Laser scanners are very popular and come in many designs. They include handheld portable units, arm based, CMM based, long range, and single point long range trackers.

Benefits of 3D Laser Scanners

  • Able to scan tough surfaces, such as shiny or dark finishes
  • Less sensitive to changing light conditions and ambient light
  • Often more portable
  • Simpler design – easier to use and lower cost

Projected or Structured Light 3D Scanners

Historically known as “white light” 3D scanners, most structured light 3D scanners today use a blue or white LED projected light. These 3D scanners project a light pattern consisting of bars, blocks or other shapes onto an object. The 3D scanner has one or more sensors that look at the edge of those patterns or structure shapes to determine the objects 3D shape. Using the same trigonometric triangulation method as laser scanners the distance from the sensors to the light source is known. Structured light scanners can be tripod mounted or hand held.

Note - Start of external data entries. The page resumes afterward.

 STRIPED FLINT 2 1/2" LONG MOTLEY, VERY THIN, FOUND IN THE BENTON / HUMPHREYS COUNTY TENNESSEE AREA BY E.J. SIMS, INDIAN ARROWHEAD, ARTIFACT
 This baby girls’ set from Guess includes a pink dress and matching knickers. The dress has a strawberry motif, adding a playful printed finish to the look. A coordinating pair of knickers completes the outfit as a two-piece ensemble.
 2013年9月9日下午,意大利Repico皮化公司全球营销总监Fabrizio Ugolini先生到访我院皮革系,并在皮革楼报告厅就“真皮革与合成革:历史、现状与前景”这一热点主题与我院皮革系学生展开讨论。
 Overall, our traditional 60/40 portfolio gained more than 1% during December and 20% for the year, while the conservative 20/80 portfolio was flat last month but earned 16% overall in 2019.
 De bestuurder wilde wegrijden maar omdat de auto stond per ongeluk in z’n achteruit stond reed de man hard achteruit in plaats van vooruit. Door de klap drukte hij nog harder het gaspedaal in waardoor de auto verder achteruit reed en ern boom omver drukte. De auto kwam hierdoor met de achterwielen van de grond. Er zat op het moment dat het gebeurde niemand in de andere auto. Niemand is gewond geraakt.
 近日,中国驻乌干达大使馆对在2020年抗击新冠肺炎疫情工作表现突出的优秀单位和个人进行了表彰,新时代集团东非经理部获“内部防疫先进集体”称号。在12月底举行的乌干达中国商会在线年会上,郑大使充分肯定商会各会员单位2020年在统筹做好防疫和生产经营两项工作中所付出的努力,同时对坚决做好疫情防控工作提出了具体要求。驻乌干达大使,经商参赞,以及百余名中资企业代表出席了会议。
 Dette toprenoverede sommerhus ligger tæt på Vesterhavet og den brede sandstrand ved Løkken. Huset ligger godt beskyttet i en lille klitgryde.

Benefits of Structured light 3D Scanners

  • Very fast scan times – as fast as 2 seconds per scan
  • Large scanning area – as large as 48 inches in a single scan
  • High resolution – as high as 16 million points per scan and 16 micron (.00062”) point spacing
  • Very high accuracy – as high as 10 microns (.00039”)
  • Versatile – multiple lenses to scan small to large parts in a single system
  • Portable – hand held systems are very portable
  • Eye safe for 3D scanning of humans and animals
  • Various price points from low cost to expensive depending on resolution and accuracy

Medium and Long Range 3D Scanners

Long range 3D scanners come in two major formats - Pulse based and phase shift – both of which are well suited for large objects such as buildings, structures, aircraft, and military vehicles. Phase shift 3D scanners also work well for medium range scan needs such as automobiles, large pumps and industrial equipment. These scanners capture millions of points by rotating 360 degrees while spinning a mirror the redirects the laser outward towards the object or areas to be 3D scanned.

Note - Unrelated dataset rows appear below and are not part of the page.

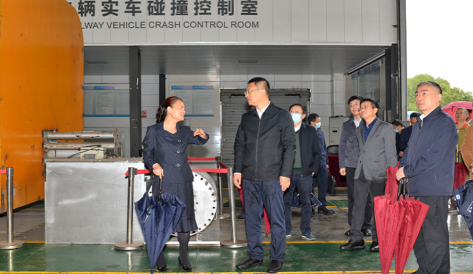 据周宣伶报:2021年10月15日下午,湖南省人民政府谢卫江副省长一行来校调研。省政府副秘书长彭翔、省教育厅厅长蒋昌忠,校领导易红、田红旗、朱学红、陈翔陪同调研。调研开始,首先参观了高速列车研究中心。现场观看了高速列车气动特性动模型实验,参观了轨道车辆碰撞实验室。高速中心领导梁习锋、鲁寨军、葛盛昌等陪同。
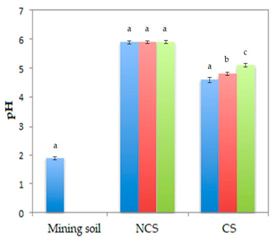pH of the mining soil, NCS and CS at days 0 (blue bars), 30 (red bars) and 90 (green bars). Different letters in the same soil indicate significant differences in the pH value according to Duncan’s multiple range test (p ≤ 0.05).
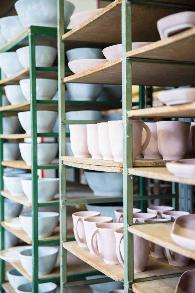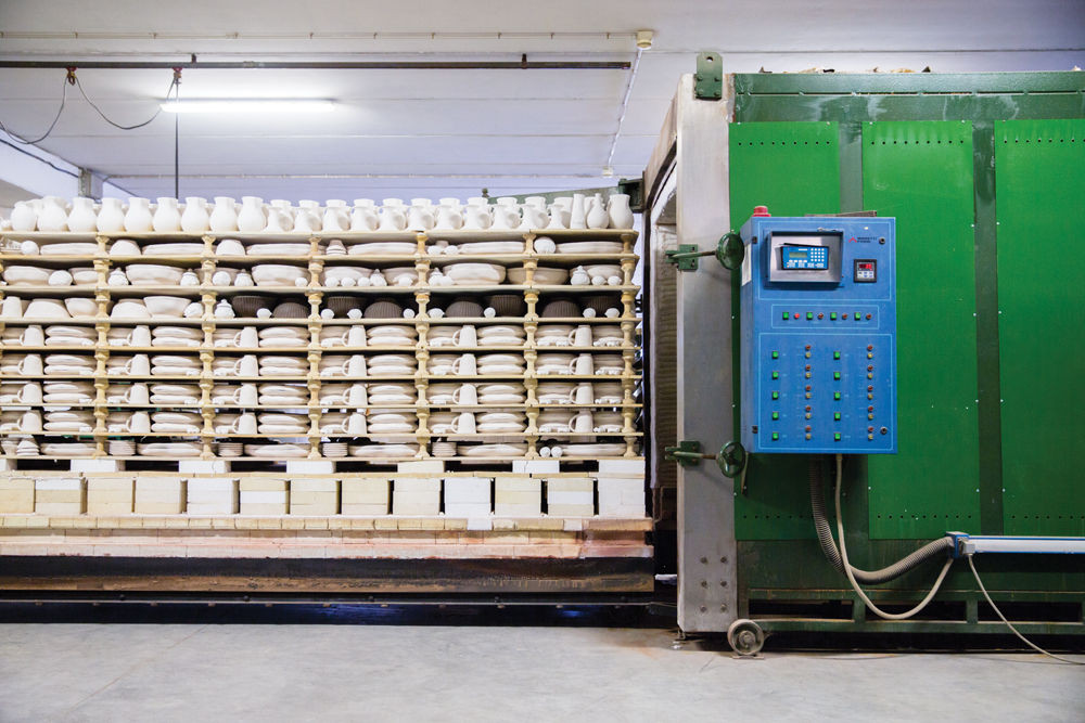 6. After air-drying for several hours, pieces are placed into the kiln for their first firing.

Laser pulse-based 3D scanners

Laser pulse-based scanners, also known as time-of-flight scanners, are based on a very simple concept: the speed of light is known very precisely. Thus, if the length of time a laser takes to reach an object and reflect back to a sensor is known, the distance from sensor to object is known. These systems use circuitry that is accurate to picoseconds to measure the time it takes for millions of pulses of the laser to return to the sensor, and calculates a distance. By rotating the laser and sensor (usually via a mirror), the scanner can scan up to a full 360 degrees around itself.

Laser Phase-shift 3D Scanners

Laser phase-shift systems are another type of time-of-flight 3D scanner technology, and conceptually work similarly to pulse-based systems. In addition to pulsing the laser, these systems also modulate the power of the laser beam, and the scanner compares the phase of the laser sent out and returned to the sensor. Phase shift measurement are typically more accurate and quieter but are not as flexible for long range scanning as pulse-based 3D scanners. Laser pulse based 3D scanners can scan objects up to 1000m away while phase shift scanners are better suited for scanning objects up to 300m or less.

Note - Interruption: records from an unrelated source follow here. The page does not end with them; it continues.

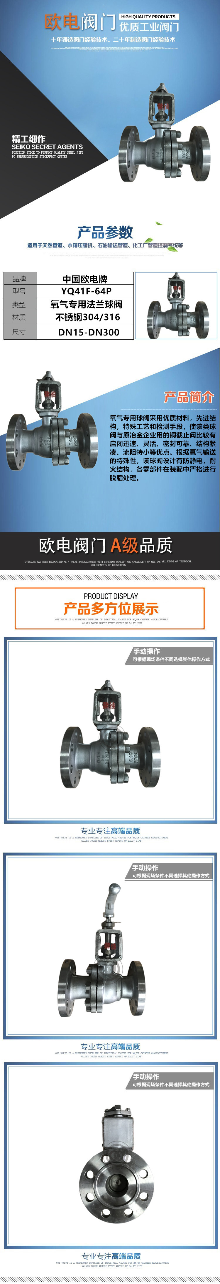 氧气球阀设计有防静电,耐火结构,各零部件在装配中严格进行脱脂处理。阀体等部件选用不锈钢并经酸洗、钝化,检查和试验用不含任何油脂的纯净自来水进行高压密封试验,用0.6Mpa气体做泄漏试验,阀门无泄漏;经上述特殊工艺处理,此类球阀不仅操作快速灵便,流阻小,安全可靠,而且使用寿命长(密封副冲刷小)。
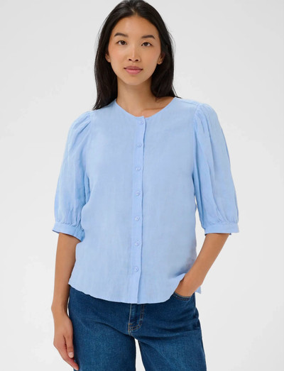 Denna blus har knäppning fram och lätt puffärm, vilket ger en raffinerad silhuett. Den runda halsringningen och det lätta materialet gör den idealisk för varmare väder.
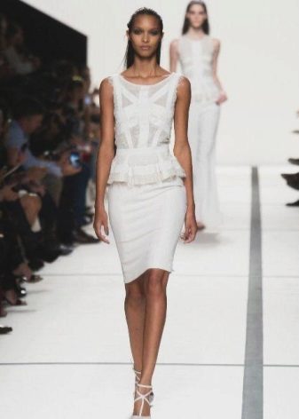 This kit opens up a huge field for designer imagination. Any style, length, style, decor. The main thing is that both parts of the kit should be perfectly combined with each other. If the choice of style is difficult, a proven classic will always come to the rescue: a medium-length pencil-skirt effectively emphasizes the rounded hips and slender legs.
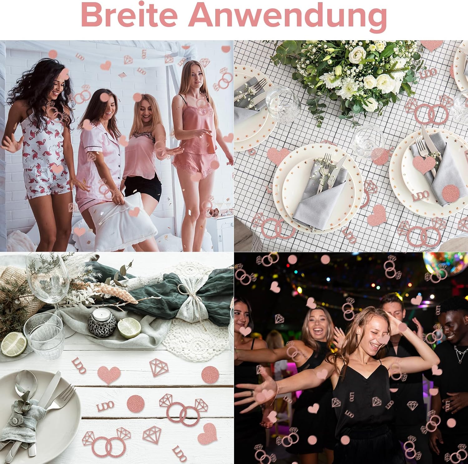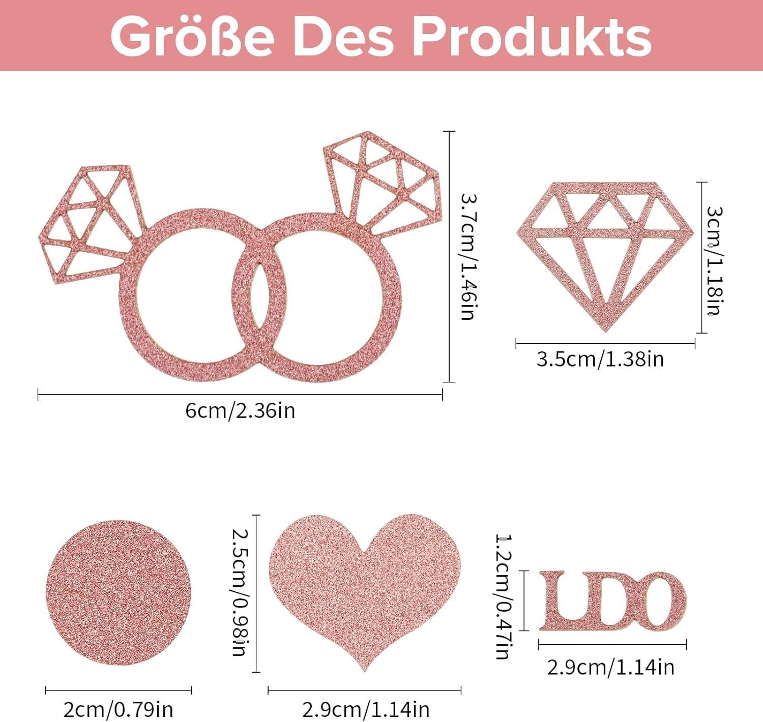 Contenuto della confezione: la confezione contiene 100 coriandoli in oro rosa con 5 diversi motivi. È abbondante nella folla e può aggiungere abbellimenti luminosi alle decorazioni di nozze. MATERIALE DI ALTA QUALITÀ: i nostri prodotti sono realizzati in materiale cartaceo di alta qualità, non facile da danneggiare e di ottima qualità. È leggero, resistente, non facile da deformare e può essere riutilizzato. RICCHI DISE: i nostri coriandoli sono progettati con 5 diversi modelli, tra cui diamanti, cerchi, cuori, anelli di diamanti, ed elementi inglesi. I motivi ricchi con colori squisiti possono aggiungere un'atmosfera romantica alla tua decorazione. AMPIA APPLICAZIONE: Questo prodotto ha una vasta gamma di applicazioni. È possibile utilizzarlo per matrimoni, proposte di matrimonio, feste, inviti di nozze, anniversari, San Valentino, inviti, biglietti di auguri, sacchetti regalo, ecc. FACILE DA USARE: è leggero e si può facilmente lanciare o cospargere i coriandoli sul tavolo senza particolari abilità. Il suo utilizzo può aggiungere un senso di sorpresa alla vostra festa e lasciare una profonda impressione su tutti.
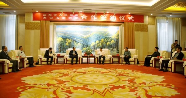 儀式上,慶陽(yáng)市委副書記、市長(zhǎng)盧小亨代表市委、市政府對(duì)賽云秀書記、李天太校長(zhǎng)一行來(lái)慶陽(yáng)洽談校地合作表示歡迎,對(duì)西安石油大學(xué)助力慶陽(yáng)市發(fā)展表示感謝,并對(duì)慶陽(yáng)市情概況和經(jīng)濟(jì)社會(huì)發(fā)展情況進(jìn)行了介紹。他指出,慶陽(yáng)是甘肅的石油天然氣化工基地、長(zhǎng)慶油田主產(chǎn)區(qū),油氣資源豐富,發(fā)展能源化工產(chǎn)業(yè)具備堅(jiān)實(shí)基礎(chǔ),同時(shí)有著“紅色圣地、岐黃故里、農(nóng)耕之源、能源新都”的美譽(yù),“十四五”時(shí)期將著力加大“五區(qū)一中心”建設(shè)力度;西安石油大學(xué)是西北地區(qū)惟一一所以石油石化為特色的高等學(xué)校,學(xué)科門類齊全,師資力量雄厚,科研實(shí)力強(qiáng)勁,為國(guó)家油氣勘探開發(fā)和區(qū)域經(jīng)濟(jì)社會(huì)發(fā)展做出了重要貢獻(xiàn)。此次慶陽(yáng)市人民政府與西安石油大學(xué)簽署合作框架協(xié)議,對(duì)于校地雙方進(jìn)一步拓展合作領(lǐng)域、深化合作層次具有重要意義。希望雙方以簽署合作框架協(xié)議為契機(jī),在能源開發(fā)、科技攻關(guān)、人才培養(yǎng)等領(lǐng)域深化拓展合作內(nèi)容;希望西安石油大學(xué)選派專家教授、創(chuàng)新創(chuàng)業(yè)團(tuán)隊(duì)來(lái)到慶陽(yáng),開展全方位、多層次、寬領(lǐng)域的交流合作,為慶陽(yáng)經(jīng)濟(jì)高質(zhì)量發(fā)展助力加油。
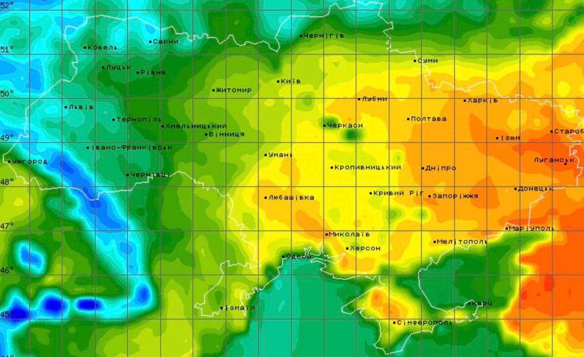 — Погляньте на карту прогнозу температури повітря на 13-те серпня. Почнемо від найсвіжішого повітря у західних областях України, очікується +20+25 градусів. Ні, навіть почнемо з Карпат — там завтра +10+16 градусів. Далі — тепліше. У північних та центральних областях України +25+29 градусів, — цитуємо синоптика. — На Полтавщині, у Кропивницькому з районами та на Сумщині +27+30 градусів. У південній частині України вже +28+33 градуси. Отже, в підсудку матимемо в Україні від +10 до +35 градусів.
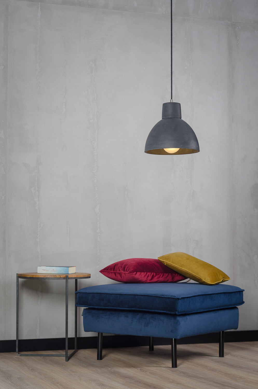 Betonska viseča svetilka iz kolekcije Korta – z dvodelnim betonskim senčnikom.
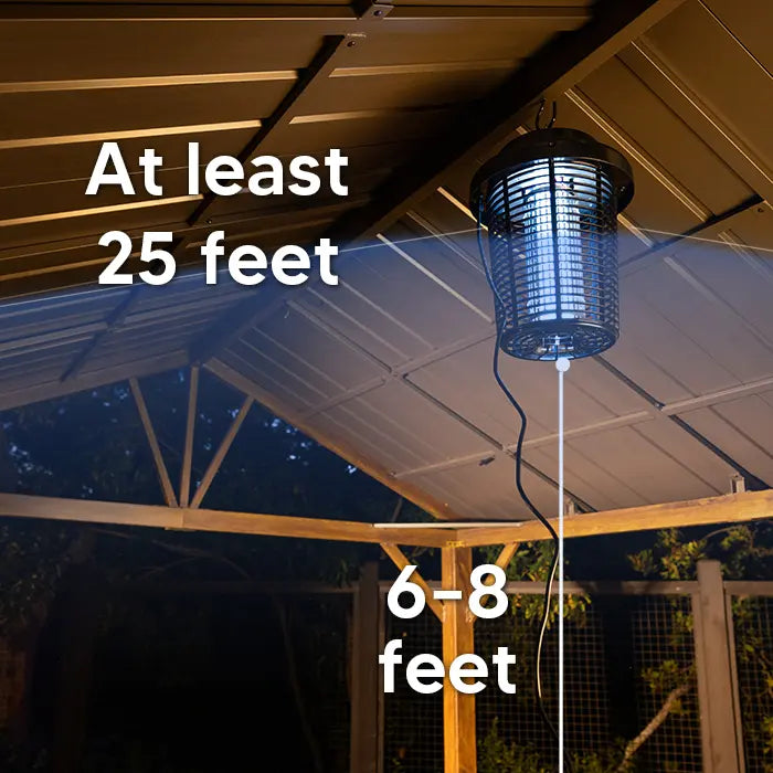 Hang the insect killer at a height of six to eight feet above the ground. Place the unit 25 feet away from the area intended for human activity.

Benefits Long Range 3D Scanners

  • 3D Scan millions of points in a single scan – up to 1 million points per second
  • Large scanning area up to 1000 meters
  • Good accuracy and resolution based on object size
  • Non-contact to safely scan all types of objects
  • Portable

Coordinate Measuring Machine (CMM)

A coordinate measuring machine (CMM) is used primarily to inspect parts. The machine can be controlled manually or through controlled offline through software and computers. Measurements are defined by attaching a probe to the machine. The probe typically has a small ball at the end of a shaft of a known diameter. The CMM is then programed to contact the part. When the machine senses contact of the probe tip a measurement value in taken in XYZ space. The most common type of CMM is a bridge type which has 3 axis X, Y & Z. The probing system that is attached many times can rotate providing an additional 3 axis for a total of 6 degrees of freedom (DOF). To very accurately measure parts to a few microns, CMM’s are typically deployed in a very controlled inspection room that includes a reinforced floor, controlled humidity and temperature, and isolation from vibration and other forces that could affect the accuracy. In addition, most CMM’s have a large granite table surface that is perfectly level. Parts are fixtured onto the granite table so that there is no movement during the measuring process.

Benefits of CMM’s

  • One of the most accurate ways of measuring an object
  • Small to large parts can be measured with the proper machine
  • Industry standards and certifications for measurements and software exist
  • Many styles and sizes of machines exist from many manufactures

Arm based 3D Scanners and Probe systems

An armed based 3D scanning or probing system is similar to a coordinate measuring machine (CMM) in the fact it can use a touch probe to measure a part. In addition to the probe, many arm based systems also have an attachable 3D laser scanner for collecting large amount of points. Software keeps track of the joint movements of the arm to know where it is in 3D space at all time. Arm based systems work by attaching the articulated arm to either a table or sturdy base. Then the arm is held by a hand grip at the end and moved around to probe or scan. The main advantage of these systems is they are much more portable then a CMM and can be used in a shop floor environment.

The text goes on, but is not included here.